В зрелом возрасте отношение человека к миру уже вполне определяется. Чехов, развивая в новую эпоху и на новой социальной почве известную антитезу:
Средь мира дольнего
Для сердца вольного
Есть два пути,— намечает два противоположных отношения человека к окружающей его действительности. Одно — инертное, когда человек подчиняется слепой власти быта и теряет волю к сопротивлению; он живет в согласии с той жизнью, которая в авторском изложении воспринимается читателем как жизнь неправедная и интеллектуально скудная.
Другое отношение — активное, оно призывает человека к более высоким сферам человеческого духа. Когда речь идет о героях Чехова, нельзя смешивать ихотношениек внешнему миру с их поведением.

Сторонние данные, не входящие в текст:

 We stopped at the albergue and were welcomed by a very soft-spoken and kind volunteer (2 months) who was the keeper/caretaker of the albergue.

Мы только что приводили примеры пассивного поведения героев, сочетающегося с их активным внутренним сопротивлением обстоятельствам,— это были случаи, когда отношение и поведение не совпадали. С другой стороны, инертное отношение к законам внешнего мира (то, что мы назвали здесь слепой властью быта) может прекрасно уживаться с активным жизненным поведением, с проявлением агрессивности обывательской психологии.
Для понимания чеховских героев прежде всего важно уяснить их отношение к жизни.

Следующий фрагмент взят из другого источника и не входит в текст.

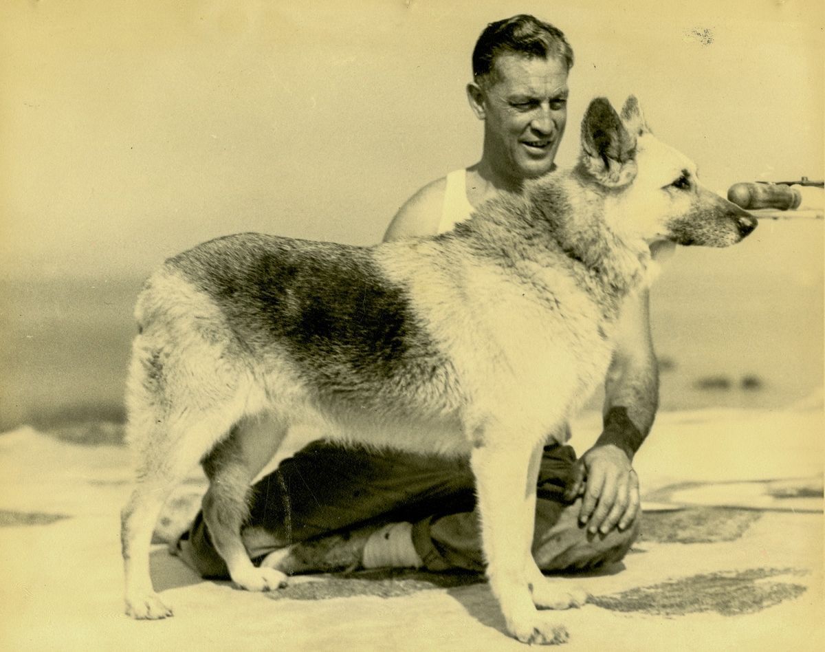 A man posing with his dog on Wee Captain Island.

Уже в ранних произведениях Чехова можно найти примеры несовпадения между поступками человека и отношением его к жизни. В одном из самых драматических по содержанию рассказов 1882 года — «Барыня» — крестьянин Степан, подчиняясь власти корыстолюбивого отца и прихоти сладострастной помещицы, идет служить к ней кучером, но вся душа его сопротивляется этой нечистой службе. И в какой-то миг, при виде исстрадавшейся от ревности и обиды жены Марьи, он словно прозревает. В возбужденном от вина и горя сознании рождается ясная мысль: «Бежать отсюда, бежать подальше с этой бледной, как смерть, забитой, горячо любимой женщиной. Бежать подальше от этих извергов, в Кубань, например… А как хороша Кубань! Если верить письмам дяди Петра, то какое чудное приволье на Кубанских степях! И жизнь там шире, и лето длинней, и народ удалее…» Как точно оценивает Степан среду «извергов», втянувших его в безнравственную жизнь, как верно видит он спасение в бегстве от этой грязной обстановки! Но ведет себя он все же по законам ненавистной ему среды: в финале он не бежит вместе с Марьей на Кубань, а в диком порыве злобы убивает ее, ни в чем не повинную, и вместо ожидаемого очищения от греха перед ним встает перспектива каторги, полная безысходность.

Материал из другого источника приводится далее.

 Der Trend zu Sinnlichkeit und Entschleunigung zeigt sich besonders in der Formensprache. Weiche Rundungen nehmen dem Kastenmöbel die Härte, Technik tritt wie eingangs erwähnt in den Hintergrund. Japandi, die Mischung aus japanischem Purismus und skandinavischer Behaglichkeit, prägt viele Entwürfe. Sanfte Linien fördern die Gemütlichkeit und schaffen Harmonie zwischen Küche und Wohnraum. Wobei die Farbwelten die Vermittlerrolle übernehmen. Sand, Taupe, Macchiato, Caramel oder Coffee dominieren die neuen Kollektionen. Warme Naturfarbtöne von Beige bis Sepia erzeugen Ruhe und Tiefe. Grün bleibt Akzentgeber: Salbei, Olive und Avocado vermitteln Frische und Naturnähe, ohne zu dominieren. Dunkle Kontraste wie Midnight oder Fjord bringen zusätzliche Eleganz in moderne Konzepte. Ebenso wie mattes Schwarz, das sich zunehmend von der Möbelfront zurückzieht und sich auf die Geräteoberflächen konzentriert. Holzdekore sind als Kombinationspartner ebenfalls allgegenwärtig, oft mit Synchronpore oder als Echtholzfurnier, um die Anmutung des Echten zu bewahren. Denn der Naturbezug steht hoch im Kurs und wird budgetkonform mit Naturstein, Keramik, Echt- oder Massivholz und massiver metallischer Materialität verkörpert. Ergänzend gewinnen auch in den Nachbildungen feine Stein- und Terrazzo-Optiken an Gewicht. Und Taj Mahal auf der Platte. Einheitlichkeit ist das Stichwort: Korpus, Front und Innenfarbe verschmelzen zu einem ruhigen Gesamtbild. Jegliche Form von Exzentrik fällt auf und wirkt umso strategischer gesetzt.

Сколько раз вслед за горемычным Степаном герои более поздних рассказов Чехова приходят к таким же четким решениям — бежать куда глаза глядят, куда-нибудь очень далеко от семьи, от дома, от города. И хоть чаще всего эти решения ни к чему не приводили на практике, самое их возникновение в душе человека — признак серьезного недовольства действительностью А способность к такому недовольству служила для Чехова-ху дожника высшей мерой ценности личности. Изображая судьбу героев и их отношение к жизни, Чехов доводил до сознания своих читателей идею необходимости осмысленной и нравственно чистой жизни. Мысли о такой жизни неизбежно возникали у читателей под впечатлением горького опыта духовного угасания личности. Но они с еще большей, заражающей силой рождались у читателей, если перед их глазами открывалась картина постепенного созревания в человеке ненависти к окружающей среде, его готовности противостоять ее влиянию. Духовному прозрению человека в творчестве Чехова найдется тоже немало примеров.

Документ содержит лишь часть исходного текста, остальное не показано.